Se la situazione si fosse protratta, Barrent sarebbe morto bruciato in mezzo all’Arena. Ma le fiamme avevano cominciato a lambire le pareti di legno che cingevano lo stadio, e le guardie furono costrette a intervenire per salvare gli spettatori, e di conseguenza lui.
Barcollando per la stanchezza Barrent si portò in mezzo all’Arena, chiedendosi cosa lo aspettava adesso. Ma nulla accadde. Dopo alcuni istanti, dal palco del Presidente venne fatto un segnale e tutta la folla proruppe in un applauso.
Le Gare erano finite. Barrent era sopravvissuto.
Tuttavia nessuno abbandonò il proprio posto.
Gli spettatori erano in attesa di vedere Barrent passare al dilà della legge.

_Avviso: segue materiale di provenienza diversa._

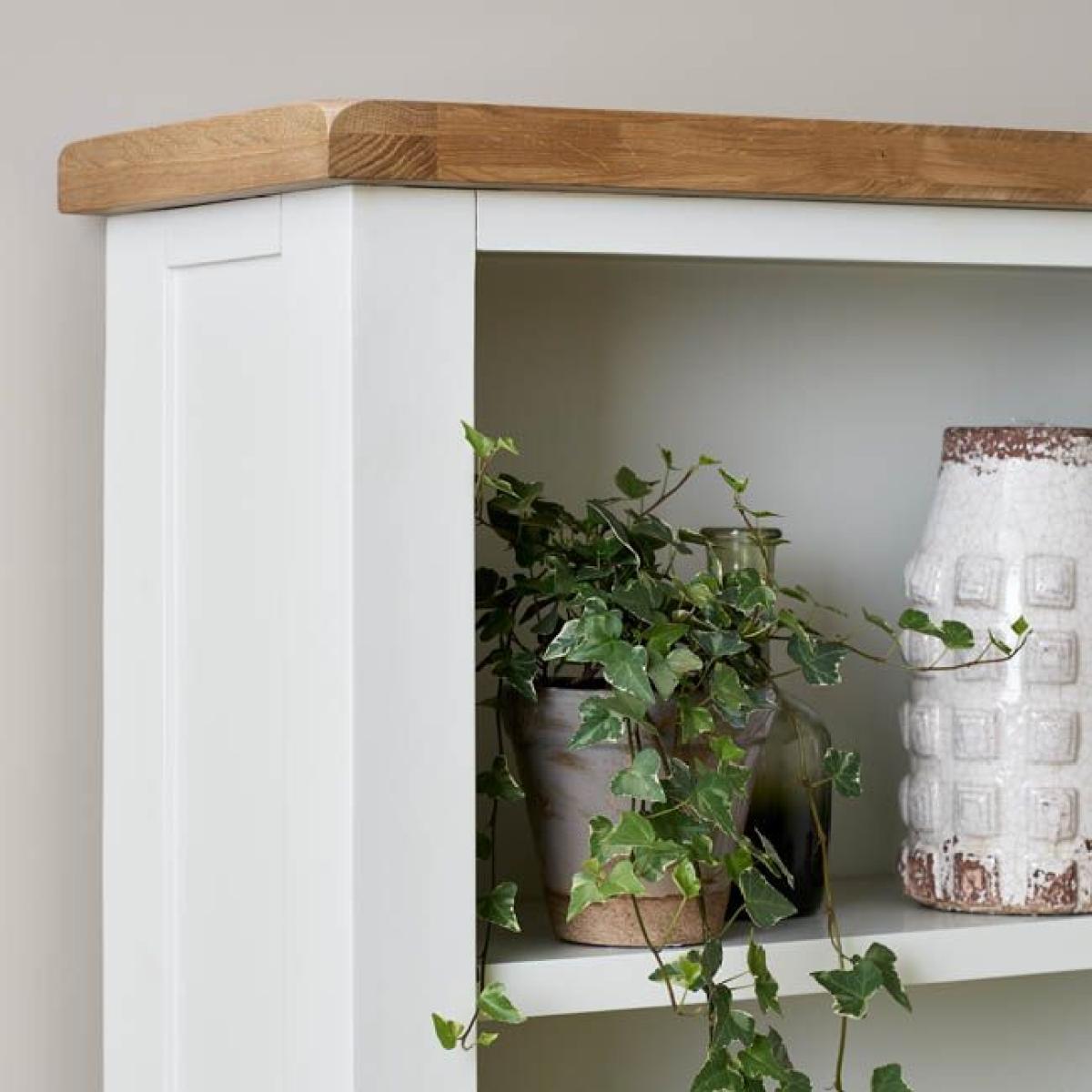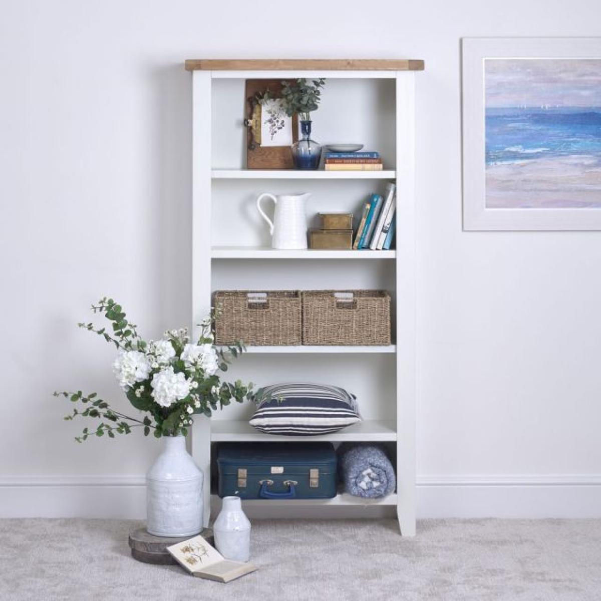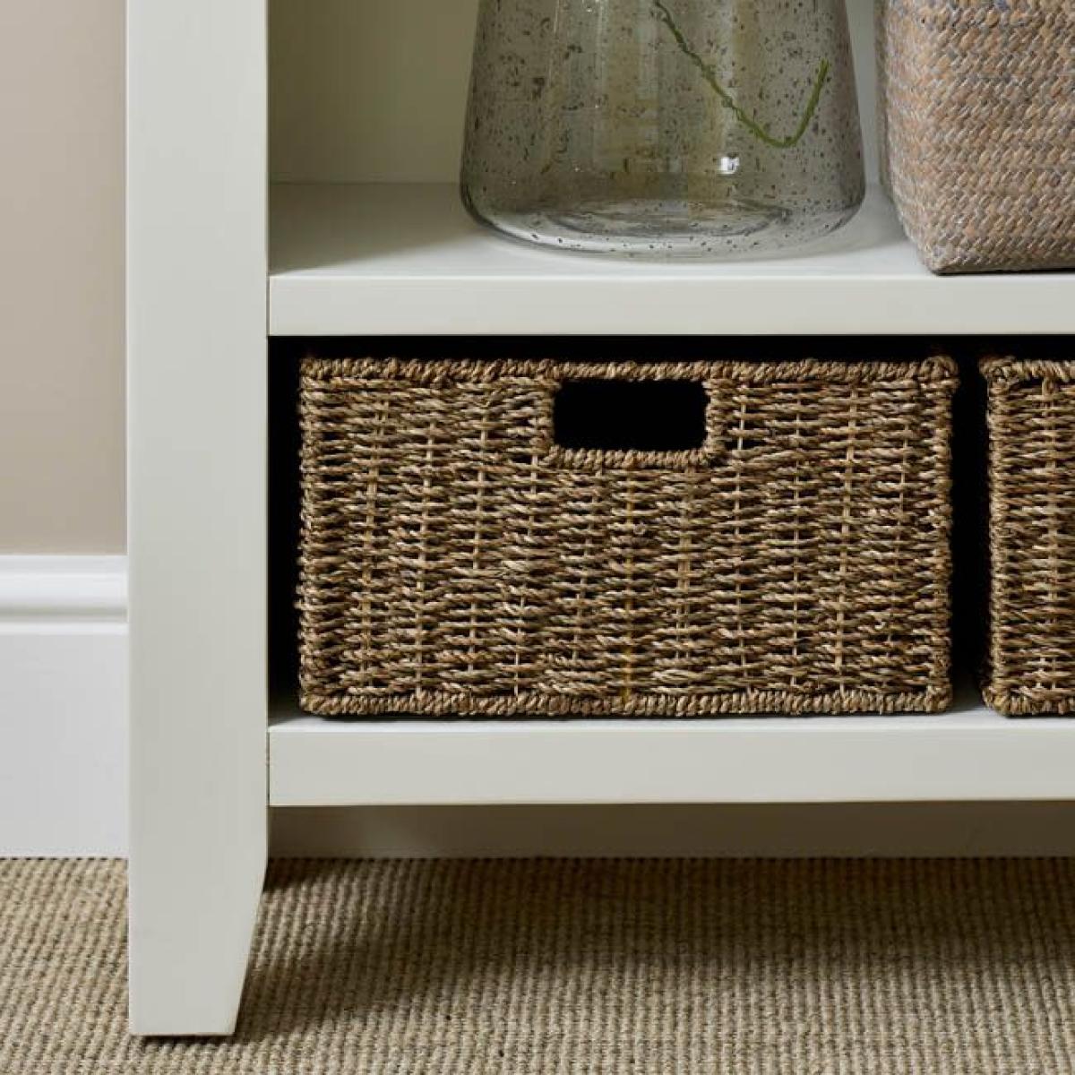 A home without a bookcase is like an unfinished novel. Beautifully crafted from oak and painted in a soft white colour, the versatile Tetbury large. White bookcase. Stands tall, ready to hold plenty of your favourite books and displaying your favourite collectibles on its sturdy shelves. Featuring a contrasting bare oak top, this tall white bookcase comprises four shelves plus a bottom shelf with two wicker baskets made from seagrass. The Tetbury large white bookcase will add a hint of coastal charm to your home. Team with the rest of the Tetbury collection to complete your look. Dimensions W90cm x D30cm x H180cm.
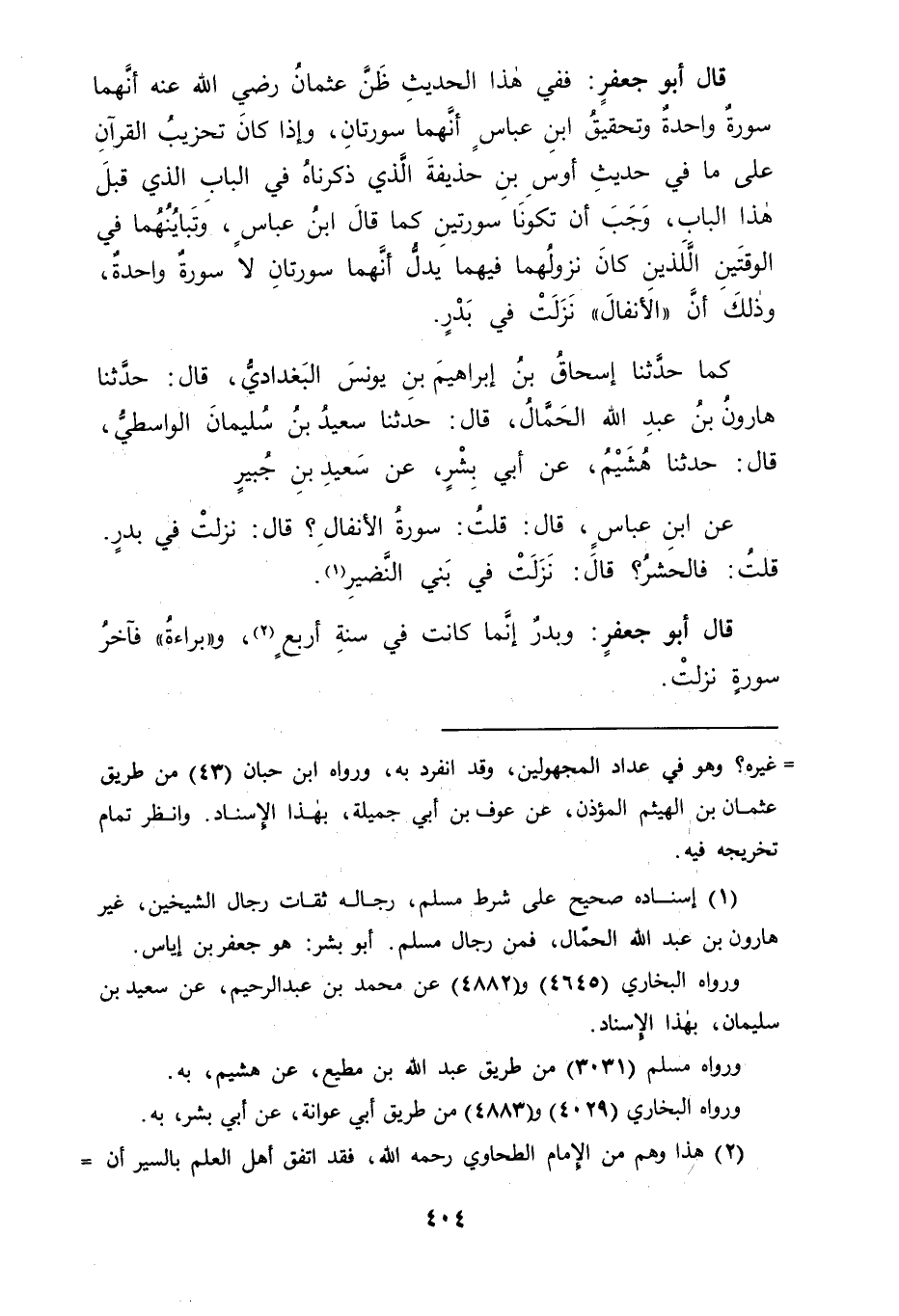 كَمَا حَدَّثَنَا إِسْحَاقُ بْنُ إِبْرَاهِيمَ بْنِ يُونُسَ الْبَغْدَادِيُّ قَالَ: حَدَّثَنَا هَارُونُ بْنُ عَبْدِ اللهِ الْحَمَّالُ، قَالَ: حَدَّثَنَا سَعِيدُ بْنُ سُلَيْمَانَ الْوَاسِطِيُّ قَالَ: حَدَّثَنَا هُشَيْمٌ، عَنْ أَبِي بِشْرٍ عَنْ سَعِيدِ بْنِ جُبَيْرٍ عَنِ ابْنِ عَبَّاسٍ قَالَ: قُلْتُ: سُورَةُ الْأَنْفَالِ؟ . قَالَ: " نَزَلَتْ فِي بَدْرٍ " قُلْتُ: فَالْحَشْرُ. قَالَ " نَزَلَتْ فِي بَنِي النَّضِيرِ " قَالَ أَبُو جَعْفَرٍ: وَبَدْرٌ إِنَّمَا كَانَتْ فِي سَنَةِ أَرْبَعٍ، وَبَرَاءَةُ فَآخِرُ سُورَةٍ نَزَلَتْ

Poi udì la folla mormorare riverente, e si girò di scatto. Allora vide un piccolo punto luminoso apparire a mezz’aria. Crebbe, e divenne troppo brillante per essere fissato. Barrent ricordò le parole di Zio Ingemar. “A volte il Nero ci ricompensa apparendo davanti a noi in tutta la sua spaventosa bellezza di fuoco. Sì, Nipote, io ho avuto il privilegio di vederlo. Due anni fa apparve dopo la conclusione dei Giochi. E nella stessa occasione apparve l’anno precedente…”
Il punto era diventato una sfera rossa e gialla del diametro di circa sei metri. A un tratto il centro si assottigliò, e la parte superiore divenne scura. C’erano due globi, adesso. Uno luminoso e uno nero, congiunti da un sottile filamento.
E mentre Barrent fissava il globo nero, lo vide trasformarsi nella inconfondibile testa cornuta del Nero…
Cercò di fuggire ma la mostruosa figura si lanciò in avanti e lo avvolse. Cercò di gridare. Ma svenne.